Володя обернулся и увидел, как рядовой тянется рукой к лежащей на земле сумке-планшетке.
— Не трогай! — крикнул он.
Поздно. Ловушка сработала. Эта планшетка стала последним, что Володя Лобанов видел в своей жизни. Несколько осколков притаившейся под ней гранаты принял на себя бронежилет, один из них задел ногу, а два самых коварных вонзились в глаза…
— Здравствуй, Марина. Ты, верно, занята, судя по тому, что давненько ко мне не заглядывала. Но сегодня, если помнишь, у меня день рождения… — Володя запнулся. — В общем, приглашаю. Придешь?
— Ой, Володенька, ты угадал: то одно, то другое. Хотя и сама свинья порядочная, могла бы выкроить минутку для встречи со старым другом. Но, честное слово, о твоем дне рождении я не забыла. Сегодня после работы собиралась прямо к тебе, — с жаром солгала Марина.
— На ужин в семь успеешь?
— Вполне…
«Балда! Эгоистка! Черствый сухарь! Мозги полны всякой дрянью, для Володи в них уже и места не осталось», — мысленно отчитала себя Марина, завершив разговор.
Ее самоунижение прервало появление Лорки из патентного. Лорка просунула в дверь рыжую голову и жестами выманила Марину в коридор. По лестнице черного хода подружки поднялись на самый верх, где под чердачным люком была оборудована нелегальная курилка — два шатких старых стула и консервная банка для окурков.
Лорка, угловатая двадцатидвухлетняя мать-одиночка, заведовала архивом в патентном отделе.
— Принесла? — спросила она своим низким мужским голосом, — А то мои крысы проходу не дают.
Крысами Лорка величала жен и любовниц начальников, устроенных по блату на непыльные должности с хорошими окладами. Из таковых состояла добрая часть патентного отдела.

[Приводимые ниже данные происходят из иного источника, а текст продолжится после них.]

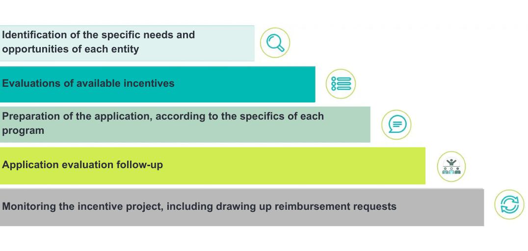 We support our clients in obtaining financial and tax incentives by developing the following approach: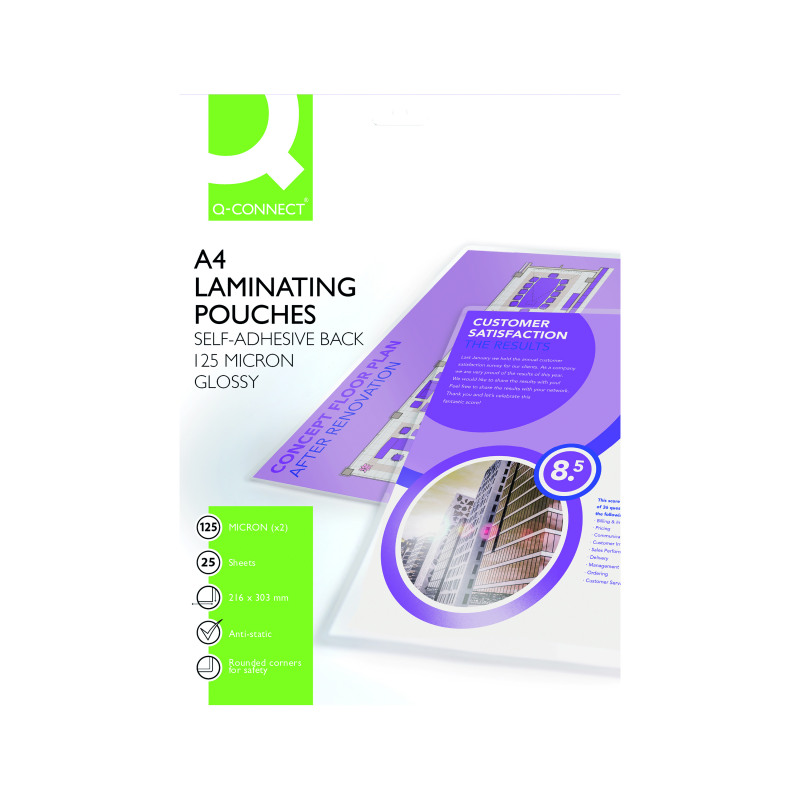 Laminated documents are waterproof, tear proof and protected against damage. Perfect for archiving, posters or signage, these Q-Connect self-seal laminating pouches are ideal for the total encapsulation of documents, providing the means for a permanent record and professional looking results. This pouches also have a self-adhesive back for applying signs, posters and more to walls and notice boards. Q-Connect offer high quality office supplies designed to give your business an effective solution to all your stationery needs. These laminating pouches come in a pack of 25.

— В столе у меня. Такой класс, что ни одной нормальной бабе не устоять. Придется крысам твоим раскошелиться. Не себе так огрызкам (детям-жарг.) своим хапнут. — В обществе Лорки Марина позволяла себе расслабиться и говорить так, как ей вздумается, не заботясь о соответствии своей речи речи приличной девушки. — Только ты особо с накрутками не жлобствуй, у меня сроки. Я бабки за шмотки хозяину завтра отдать должна. И смотри, не сболтни, кто тебе фирму подбрасывает.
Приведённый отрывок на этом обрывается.